大企業の従業員らが加入する健康保険組合の今年度の平均の保険料率は、高齢者の医療費を賄うための負担金が財政を圧迫している影響で11年連続で増え、労使双方の負担を合わせた1人当たりの年間の平均保険料は48万6000円余りとなる見通しです。
全国1389の健康保険組合で作る健保連=健康保険組合連合会によりますと、雇用環境の改善によって組合の被保険者が増えて、保険料収入が増加する一方、高齢者の医療費を賄うための負担金が財政を圧迫し、今年度は組合全体で1381億円の赤字となる見通しです。

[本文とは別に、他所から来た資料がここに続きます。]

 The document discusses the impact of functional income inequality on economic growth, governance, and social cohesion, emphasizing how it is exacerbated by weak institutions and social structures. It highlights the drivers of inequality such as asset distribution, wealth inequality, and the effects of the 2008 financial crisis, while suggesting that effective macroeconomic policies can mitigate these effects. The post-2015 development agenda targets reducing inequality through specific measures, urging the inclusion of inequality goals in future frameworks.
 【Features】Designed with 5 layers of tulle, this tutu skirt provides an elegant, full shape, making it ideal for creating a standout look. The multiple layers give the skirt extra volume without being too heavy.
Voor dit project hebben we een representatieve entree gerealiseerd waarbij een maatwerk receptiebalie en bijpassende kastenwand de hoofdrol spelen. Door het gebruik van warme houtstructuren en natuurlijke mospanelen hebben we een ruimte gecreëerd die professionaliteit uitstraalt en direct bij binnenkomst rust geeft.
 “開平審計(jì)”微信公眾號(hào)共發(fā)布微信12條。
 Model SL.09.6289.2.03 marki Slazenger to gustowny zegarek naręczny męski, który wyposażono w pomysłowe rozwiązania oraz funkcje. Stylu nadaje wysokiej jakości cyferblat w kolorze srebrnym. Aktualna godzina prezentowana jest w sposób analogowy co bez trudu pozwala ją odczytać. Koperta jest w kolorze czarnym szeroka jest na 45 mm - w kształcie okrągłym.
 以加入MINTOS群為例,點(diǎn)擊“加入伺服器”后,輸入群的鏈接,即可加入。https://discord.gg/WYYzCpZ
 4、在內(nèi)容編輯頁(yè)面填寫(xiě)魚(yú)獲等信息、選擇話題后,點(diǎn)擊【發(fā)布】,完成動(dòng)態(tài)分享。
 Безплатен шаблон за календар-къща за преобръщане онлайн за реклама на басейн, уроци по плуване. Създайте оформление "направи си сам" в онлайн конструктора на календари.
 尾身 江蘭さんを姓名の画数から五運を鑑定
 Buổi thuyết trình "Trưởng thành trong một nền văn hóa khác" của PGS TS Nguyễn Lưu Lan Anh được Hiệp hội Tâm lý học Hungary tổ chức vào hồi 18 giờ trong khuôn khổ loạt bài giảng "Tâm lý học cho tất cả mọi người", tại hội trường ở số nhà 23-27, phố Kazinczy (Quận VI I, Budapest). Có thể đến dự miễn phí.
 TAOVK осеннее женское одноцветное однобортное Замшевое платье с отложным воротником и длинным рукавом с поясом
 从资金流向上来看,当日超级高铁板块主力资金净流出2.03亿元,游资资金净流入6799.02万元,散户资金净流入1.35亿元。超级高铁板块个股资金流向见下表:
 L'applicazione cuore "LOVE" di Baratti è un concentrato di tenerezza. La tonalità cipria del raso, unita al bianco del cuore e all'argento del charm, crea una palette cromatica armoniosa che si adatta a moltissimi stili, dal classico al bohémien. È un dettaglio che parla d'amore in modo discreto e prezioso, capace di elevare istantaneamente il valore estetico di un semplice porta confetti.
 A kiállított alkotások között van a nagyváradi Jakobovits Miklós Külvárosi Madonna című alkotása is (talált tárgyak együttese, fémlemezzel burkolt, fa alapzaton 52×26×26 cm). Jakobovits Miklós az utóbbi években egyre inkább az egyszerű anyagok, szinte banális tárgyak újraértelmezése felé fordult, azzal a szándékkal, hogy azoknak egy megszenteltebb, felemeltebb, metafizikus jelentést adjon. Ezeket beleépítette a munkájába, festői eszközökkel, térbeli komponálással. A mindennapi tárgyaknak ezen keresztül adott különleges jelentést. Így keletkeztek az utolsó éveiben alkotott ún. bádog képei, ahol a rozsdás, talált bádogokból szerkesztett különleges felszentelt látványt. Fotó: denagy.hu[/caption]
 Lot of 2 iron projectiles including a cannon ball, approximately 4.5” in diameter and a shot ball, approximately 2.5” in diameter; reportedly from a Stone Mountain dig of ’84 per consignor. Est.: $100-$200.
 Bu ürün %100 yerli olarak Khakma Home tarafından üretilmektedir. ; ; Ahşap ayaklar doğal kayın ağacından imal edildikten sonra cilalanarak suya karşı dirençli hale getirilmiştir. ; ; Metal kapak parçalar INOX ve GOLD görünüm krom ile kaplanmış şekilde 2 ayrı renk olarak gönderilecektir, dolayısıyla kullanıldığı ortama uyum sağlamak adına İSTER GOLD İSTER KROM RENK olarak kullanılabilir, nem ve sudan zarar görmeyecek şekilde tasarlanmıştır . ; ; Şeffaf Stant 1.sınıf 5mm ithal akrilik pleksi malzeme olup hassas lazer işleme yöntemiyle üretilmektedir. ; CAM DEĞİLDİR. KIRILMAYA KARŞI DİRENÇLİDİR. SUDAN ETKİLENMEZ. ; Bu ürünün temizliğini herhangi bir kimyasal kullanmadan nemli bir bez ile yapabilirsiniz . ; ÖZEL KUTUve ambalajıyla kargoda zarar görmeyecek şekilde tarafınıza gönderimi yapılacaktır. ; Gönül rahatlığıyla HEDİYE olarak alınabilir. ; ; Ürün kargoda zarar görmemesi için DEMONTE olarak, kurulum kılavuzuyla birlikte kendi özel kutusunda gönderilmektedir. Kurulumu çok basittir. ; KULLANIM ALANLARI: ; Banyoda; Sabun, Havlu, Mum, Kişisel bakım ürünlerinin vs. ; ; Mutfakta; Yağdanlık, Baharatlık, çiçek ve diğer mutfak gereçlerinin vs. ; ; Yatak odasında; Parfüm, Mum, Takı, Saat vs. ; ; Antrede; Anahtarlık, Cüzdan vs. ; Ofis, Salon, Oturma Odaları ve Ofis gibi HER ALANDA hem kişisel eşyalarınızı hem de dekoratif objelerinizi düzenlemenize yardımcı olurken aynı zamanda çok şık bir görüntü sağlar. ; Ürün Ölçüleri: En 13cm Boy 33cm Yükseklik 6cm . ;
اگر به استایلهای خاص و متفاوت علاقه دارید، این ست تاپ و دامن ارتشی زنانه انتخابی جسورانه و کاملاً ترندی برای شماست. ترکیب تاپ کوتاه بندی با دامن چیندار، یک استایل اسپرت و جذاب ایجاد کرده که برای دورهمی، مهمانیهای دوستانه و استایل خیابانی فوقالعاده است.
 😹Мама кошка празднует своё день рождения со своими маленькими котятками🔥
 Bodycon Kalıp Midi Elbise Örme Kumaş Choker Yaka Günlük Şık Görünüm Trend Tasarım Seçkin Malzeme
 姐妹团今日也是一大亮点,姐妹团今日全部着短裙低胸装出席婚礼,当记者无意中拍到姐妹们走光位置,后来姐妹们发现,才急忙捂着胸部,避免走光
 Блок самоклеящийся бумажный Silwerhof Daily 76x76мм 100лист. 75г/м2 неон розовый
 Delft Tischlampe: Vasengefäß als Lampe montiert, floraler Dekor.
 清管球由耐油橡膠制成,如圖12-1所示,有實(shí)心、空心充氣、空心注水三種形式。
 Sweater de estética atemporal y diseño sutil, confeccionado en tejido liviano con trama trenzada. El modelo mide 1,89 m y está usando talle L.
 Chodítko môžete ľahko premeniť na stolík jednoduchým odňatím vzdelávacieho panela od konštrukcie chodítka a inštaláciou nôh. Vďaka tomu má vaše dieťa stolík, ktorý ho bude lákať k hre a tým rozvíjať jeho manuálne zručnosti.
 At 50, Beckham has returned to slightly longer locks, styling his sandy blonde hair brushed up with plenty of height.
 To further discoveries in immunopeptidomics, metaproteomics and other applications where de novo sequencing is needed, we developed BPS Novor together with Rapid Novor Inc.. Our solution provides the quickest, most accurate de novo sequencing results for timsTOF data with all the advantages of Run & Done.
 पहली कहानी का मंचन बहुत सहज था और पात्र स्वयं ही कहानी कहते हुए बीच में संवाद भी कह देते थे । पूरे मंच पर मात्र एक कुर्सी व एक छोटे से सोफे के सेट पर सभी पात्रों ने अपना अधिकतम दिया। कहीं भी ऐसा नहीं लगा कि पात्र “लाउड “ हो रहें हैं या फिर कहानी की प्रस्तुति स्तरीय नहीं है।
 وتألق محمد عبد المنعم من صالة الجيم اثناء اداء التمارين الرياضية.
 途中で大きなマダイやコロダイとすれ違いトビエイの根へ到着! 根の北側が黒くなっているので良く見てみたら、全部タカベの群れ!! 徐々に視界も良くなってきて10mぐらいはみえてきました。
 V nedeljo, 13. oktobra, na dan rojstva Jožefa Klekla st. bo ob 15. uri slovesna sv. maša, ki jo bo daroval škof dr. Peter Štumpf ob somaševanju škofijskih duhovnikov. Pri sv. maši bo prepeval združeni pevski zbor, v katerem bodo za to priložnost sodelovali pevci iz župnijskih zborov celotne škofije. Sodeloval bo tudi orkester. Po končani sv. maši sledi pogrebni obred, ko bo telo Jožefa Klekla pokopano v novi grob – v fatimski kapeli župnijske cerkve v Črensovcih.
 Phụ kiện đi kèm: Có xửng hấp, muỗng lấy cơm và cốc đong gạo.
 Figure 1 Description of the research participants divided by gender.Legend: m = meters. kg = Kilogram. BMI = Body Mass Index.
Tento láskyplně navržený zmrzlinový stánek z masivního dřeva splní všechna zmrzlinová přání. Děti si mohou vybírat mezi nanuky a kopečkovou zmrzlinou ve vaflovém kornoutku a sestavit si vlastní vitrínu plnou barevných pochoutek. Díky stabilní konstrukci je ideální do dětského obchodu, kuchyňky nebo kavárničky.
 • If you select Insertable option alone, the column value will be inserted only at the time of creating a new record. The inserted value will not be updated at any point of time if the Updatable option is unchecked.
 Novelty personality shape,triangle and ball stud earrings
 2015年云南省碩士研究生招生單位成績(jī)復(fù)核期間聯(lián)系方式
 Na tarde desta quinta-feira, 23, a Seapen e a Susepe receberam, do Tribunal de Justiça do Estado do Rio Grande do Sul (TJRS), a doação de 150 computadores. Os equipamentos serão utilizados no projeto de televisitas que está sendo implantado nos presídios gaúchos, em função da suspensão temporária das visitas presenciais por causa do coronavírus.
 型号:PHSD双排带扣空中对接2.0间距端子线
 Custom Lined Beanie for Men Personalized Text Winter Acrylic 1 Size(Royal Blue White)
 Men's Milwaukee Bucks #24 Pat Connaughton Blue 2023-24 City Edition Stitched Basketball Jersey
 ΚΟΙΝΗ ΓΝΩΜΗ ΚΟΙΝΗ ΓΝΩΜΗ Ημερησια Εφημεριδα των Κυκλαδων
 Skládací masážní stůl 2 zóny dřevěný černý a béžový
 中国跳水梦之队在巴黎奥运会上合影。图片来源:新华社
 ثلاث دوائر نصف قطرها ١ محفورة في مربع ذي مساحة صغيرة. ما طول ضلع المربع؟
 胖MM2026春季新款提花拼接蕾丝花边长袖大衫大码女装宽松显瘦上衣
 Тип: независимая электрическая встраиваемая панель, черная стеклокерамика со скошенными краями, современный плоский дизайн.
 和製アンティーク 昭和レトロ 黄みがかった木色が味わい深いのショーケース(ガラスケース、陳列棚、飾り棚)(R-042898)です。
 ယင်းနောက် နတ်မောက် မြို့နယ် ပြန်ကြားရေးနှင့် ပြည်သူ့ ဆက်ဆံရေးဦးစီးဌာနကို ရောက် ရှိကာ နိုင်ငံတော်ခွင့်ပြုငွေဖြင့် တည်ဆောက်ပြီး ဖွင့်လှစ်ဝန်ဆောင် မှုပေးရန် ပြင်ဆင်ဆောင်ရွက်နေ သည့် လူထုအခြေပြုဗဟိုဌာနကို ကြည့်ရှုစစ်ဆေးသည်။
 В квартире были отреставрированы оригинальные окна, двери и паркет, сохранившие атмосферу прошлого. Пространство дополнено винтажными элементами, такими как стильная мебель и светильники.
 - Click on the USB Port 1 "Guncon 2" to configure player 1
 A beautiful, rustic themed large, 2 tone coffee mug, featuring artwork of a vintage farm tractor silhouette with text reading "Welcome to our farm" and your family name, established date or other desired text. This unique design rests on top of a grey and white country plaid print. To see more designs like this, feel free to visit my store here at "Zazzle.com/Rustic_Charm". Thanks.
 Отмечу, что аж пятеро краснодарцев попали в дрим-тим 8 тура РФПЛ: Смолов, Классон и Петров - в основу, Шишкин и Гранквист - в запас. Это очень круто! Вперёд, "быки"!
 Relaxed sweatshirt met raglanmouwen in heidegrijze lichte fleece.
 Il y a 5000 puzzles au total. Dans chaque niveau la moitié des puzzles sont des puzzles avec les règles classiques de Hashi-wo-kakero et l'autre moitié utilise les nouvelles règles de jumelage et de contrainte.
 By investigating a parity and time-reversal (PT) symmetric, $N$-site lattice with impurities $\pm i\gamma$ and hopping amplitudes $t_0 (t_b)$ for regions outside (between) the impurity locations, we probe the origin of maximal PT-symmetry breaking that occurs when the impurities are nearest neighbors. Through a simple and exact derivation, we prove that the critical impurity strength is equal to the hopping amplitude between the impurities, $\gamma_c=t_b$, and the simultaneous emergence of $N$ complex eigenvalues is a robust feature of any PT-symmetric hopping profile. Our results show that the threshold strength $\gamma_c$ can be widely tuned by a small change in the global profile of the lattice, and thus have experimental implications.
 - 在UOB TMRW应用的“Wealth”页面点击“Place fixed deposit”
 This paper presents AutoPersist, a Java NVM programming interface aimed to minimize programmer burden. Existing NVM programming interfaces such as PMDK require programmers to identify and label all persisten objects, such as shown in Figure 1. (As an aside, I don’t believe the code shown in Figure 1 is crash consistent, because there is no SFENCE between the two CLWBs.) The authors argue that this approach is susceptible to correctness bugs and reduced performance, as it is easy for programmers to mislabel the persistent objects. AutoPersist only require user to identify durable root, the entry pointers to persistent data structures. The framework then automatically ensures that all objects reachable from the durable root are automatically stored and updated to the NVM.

また、平均の保険料率は11年連続で増えて9.215%となり、労使双方の負担を合わせた1人当たりの年間の平均保険料も、前の年度より3084円増えて、48万6042円になると見込まれています。
健保連によりますと、こうした財政状況の悪化を受けて、昨年度、9つの組合が解散したほか、現在、2つの組合が解散を検討しているということです。
健保連は、「中小企業の従業員らが加入する、国所管の『協会けんぽ』と同じ水準か、より高い保険料率を設定している組合が全体の20%余りにのぼっていて、組合解散の動きが広がらないか懸念している。政府は、高齢者医療の負担の在り方について見直しを急ぐべきだ」としています。